Around the world there are many, many brilliant schools of thought that work with the more "spiritual" aspects of the Enneagram, and either follow closely along the original Gurdjieff/Ouspensky model, or form some level of hybrid with the psychological models.  Perhaps one of the most intense and well known is the Diamond Approach developed by A.H. Almaas.  The Ridwan Schools that follow this approach are quite rigorous and can be a bit intimidating.

Another fundamental difference in this three dimensionality was that in models of consciousness, (including Spiral Dynamics and Integral Theory) the origin is a singular point (denoting birth followed by the I/me perspective).  Consciousness expands with altitude in an enlarging funnel cloud shape, as consciousness is able to process and hold more perspectives simultaneously (the us/we expanding eventually to the "all.")

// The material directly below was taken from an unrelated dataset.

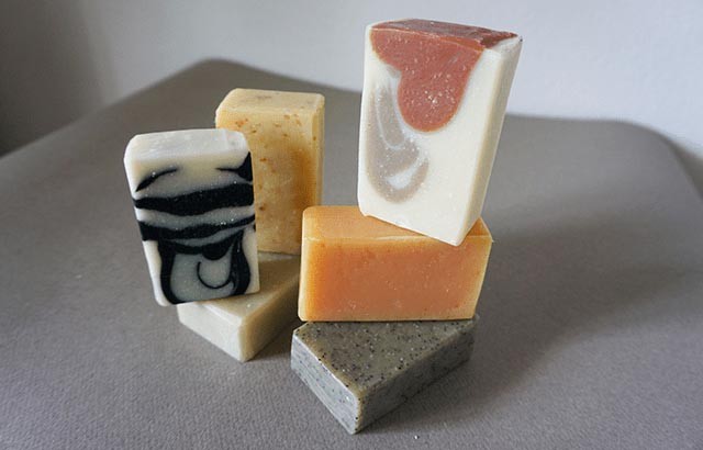 - des savons solides, que vous mouillerez pour faire mousser, puis vous frottez pour la rincer.

Furthermore, rather than the inorganic parallel processing of Riso's model, each of the aspects of perspective in this model may develop independently of one another at their own altitudes, following Quantum Physics and natural phenomena such as meteorology.  This meant that a synthesis of Integral Spirituality/Consciousness, Cognitive Linguistics and Hermeneutics, Spiral Dynamics, and various models of ascending consciousness could all fit within this Integral Enneagram.  Thus a funnel-shaped 3-Dimensional model of the Enneagram that is incredibly accurate in its ability to illustrate the nuances of our consciousness, from all states, quadrants, and lines was born.  Ian Blei named this new Integral Enneagram the Integram as a new and unique entity.

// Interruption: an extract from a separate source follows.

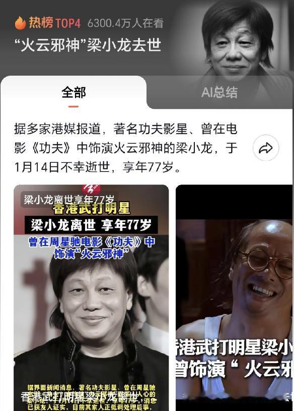 据多家港媒报道,“梁小龙不幸逝世!”去世之前还在晚上公开批评人贩子,没有想到仅经过几天便传来噩耗。 1月18号,港媒传来的消息让不少影迷心头一沉,77岁的功夫明星梁小龙已于1月14号在深圳突发疾病离世。 这个消息来得太突然,毕竟就在他走前几天,还在短视频里公开痛批人贩子,直言希望对致残儿童的人贩子判死刑,语气里满是愤慨。 更让人疑惑的是,梁小龙14号离世后,他的短视频账号却没停更,13号到17号接连发了十几条视频,穿着同款蓝色西装、白裤子,内容全是呼吁关注拐卖儿童问题,甚至18号还有账号互动痕迹。 不少网友一开始都以为是假消息,毕竟前一秒还在刷到他的视频,下一秒就传来死讯,换谁都难以接受。 后来他的友人证实了死讯,家人才说明本想办完后事再公布,可团队持续更新视频的操作,还是引来了诸多不满。 说白了,77岁的老人大概率不会自己运营账号,背后团队借着他的热度继续发库存,哪怕人已离世也不暂停,这种消费逝者的吃相确实难看。 之后账号又发了条模仿他口吻的告别信,说去很远的地方拍电影,想保持神秘感,反倒让争议更激烈了。 了解梁小龙的人都知道,他的一生比电影还传奇,作为“香港四小龙”之一,他不是科班出身,15岁就靠做武行替身谋生,一身真功夫是实打实练出来的,还拿过全港搏击比赛冠军。 1982年《陈真》里那句振聋发聩的台词,让他成为几代人的记忆,后来《功夫》里的火云邪神,又让他再度爆红。 生活里的他性子刚,当年因为立场问题被封杀,转行经商亏得一塌糊涂也没低头,晚年定居成都,开武馆每月只收800学费,困难家庭的孩子还免单,家里装修简单,冰箱都是普通牌子,一点明星架子都没有。 他晚年直播带货被说晚节不保,也坦然回应是为了改善家人生活,实在又通透, 谁能想到,这样一位硬朗的老人会猝然离世,去世前一天,他还和好友吃火锅、送签名字画,精神头十足。 如今追悼会定在26号,低调送别这位传奇武者,只是账号风波像根刺,遮住了他生前的骨气与温柔。 一代功夫巨星落幕,留下的不仅是经典角色,还有骨子里的坚韧,希望他一路走好,也盼着背后团队能停止消费,让逝者安息。

Perhaps most importantly, this model is able to create a tangible path toward balance and harmony of our internal components, and the intentional development of our consciousness.  Part of the accuracy is due to eschewing behavioral observations for engagement and involvement, to center on motivation and fixation, as the original Jesuit writings touched upon, and then adapts Gurdjieff's internal "pentagram" of Centers.

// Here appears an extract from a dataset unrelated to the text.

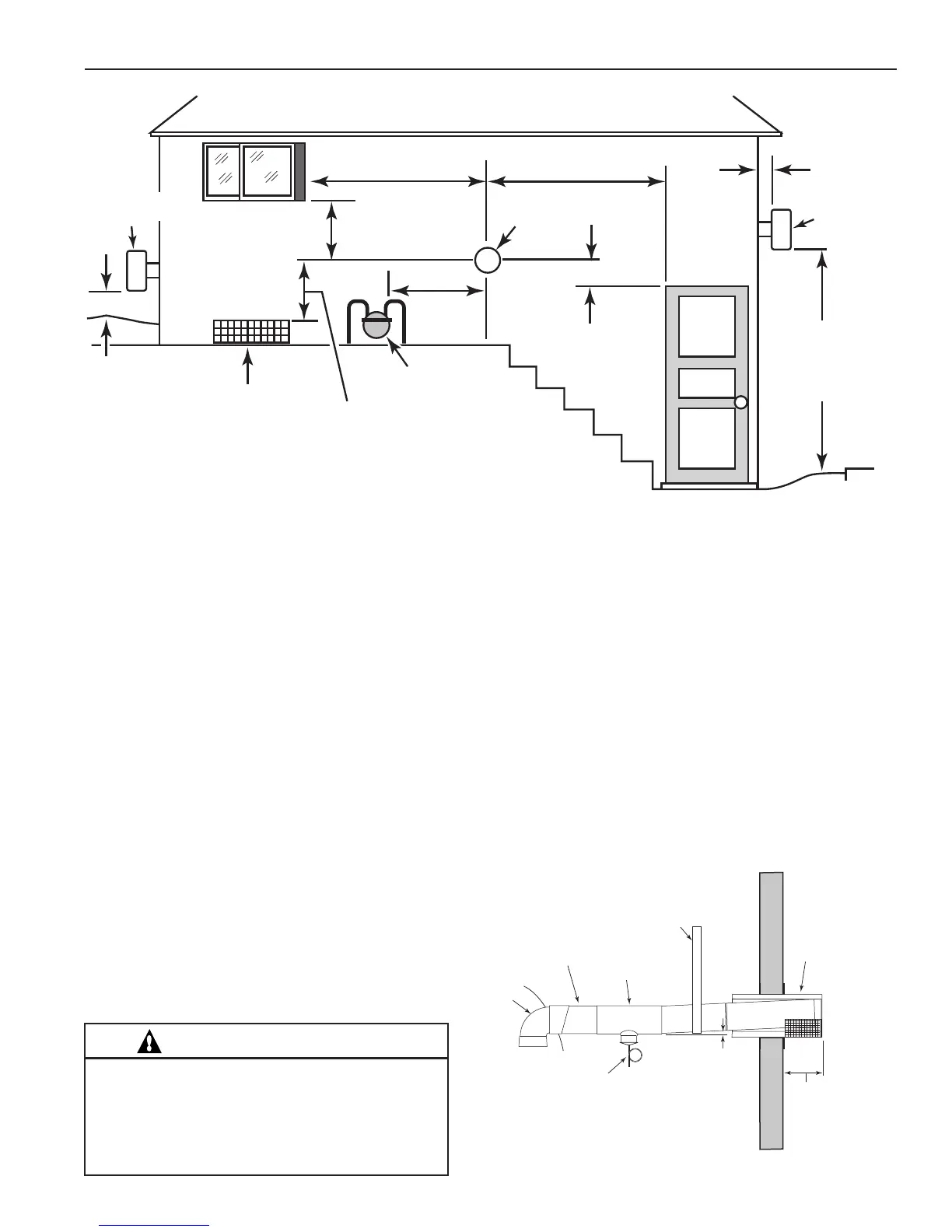 • à au moins 4 pi en dessous ou à l'horizontale de, ou 1 pi au-dessus, de toutes portes, fenêtres ou entrées gravitationnelles

Each of the Enneagram types has the unique gifts of the five types that comprise their "constellation" of perspectives.  These gifts are what they contribute to the full spectrum of human potential. However, each gift has a dark side. Much like the yin-yang symbol, there is a little shadow in each gift and a little gift in each shadow.

Gifts and traits are certainly illuminated by the  Integram as well as the Enneagram, but that is by no means the limit of its capabilities.  We can't understand ourselves or others with a laundry list of observable traits, but as the study of Hermeneutics shows us, we can enter another person's worldview and understand what natural and social influences created their beliefs. The internal landscapes and self-talk that reveals them give us such a powerful use of the Enneagram.  We can go beyond walking in someone's shoes and see the world through their eyes.  The Enneagram shows us a model of Nine co-existing "truths."  One does not have to be wrong for another to be right, and this is the beginning of all conflict resolution, and all compassion in the world.

Optimized Results uses this philosophy and approach to improve the effectiveness of communication, and the quality of relationships.  When we can truly see how each of us views the world, and how that impacts our communication, we can begin communicating with one another, rather than talking at one another.